Now all of this still may not be enough to convince you, so let me throw out one more thing out there. Many many MANY USB ports out there are inferior and actually do not conform to specs. USB Hubs, case ports, LCD ports, and even some motherboard ports - they simply do not comply with all USB specifications. The area that they usually are deficient in are with power. Go google a little bit real quick with what USB hubs work and do not work with Raspberry Pi devices. Or actually, I'll save you the work. This is just the tip of the iceberg of devices that need to be considered and this is a very well-documented area where failure to conform to USB specifications has rendered MANY USB components incapable of handling "standard" scenarios. And you want to throw something that demands even MORE than the standard at them without any ill-effects? Hah, good luck! It WILL cause problems. There's no maybe about it. If I were the CM team, I too wouldn't have wanted to be responsible for burning up several peoples motherboards, monitors, and phones just because I wanted to help somebody who was in a rush. Sorry but it's the right decision.


----------



## Jaxidian

yarly said:


> The ports can't give it more voltage, but the charger can pull out more electricity than the port can handle.
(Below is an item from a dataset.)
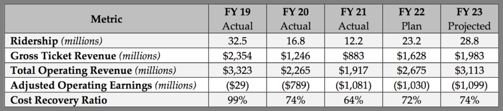 • Ridership grew to 12.2 million customer trips, 42% above what Amtrak projected in its plan, “but still far below ridership levels before the COVID-19 pandemic.”

Electrical current it just the flow of how much electricity goes over an area at once. Too much too quick and it'll fry it if it can't handle it.


Too little can equally fry it as well. It's usually less risky than too much, but it's still risky. Go plug in a fridge to an old house where the power fluctuates due to old/bad wiring and you'll see a fridge that dies in 6 months because it's constantly dealing with brownout situations (i.e. the power is good then not enough then good then not enough, etc). You'll have the same thing with phones. Hopefully the circuitry is more advanced and can tolerate it a bit more but it will still suffer. It's just a matter of when.


----------



## joemagistro

Jaxidian, that aside, running the usb to a 12volt dc source is fine right? Just a risk with usb devices?

I just wanna fast charge my phone using dc power from my car or bike

Sent from my SGH-T999 using Xparent Blue Tapatalk 2


----------



## Chakra

Imo's kernel has fast charge enabled.


----------



## joemagistro

unfortunately his kernel isnt for t-mobile :-/


----------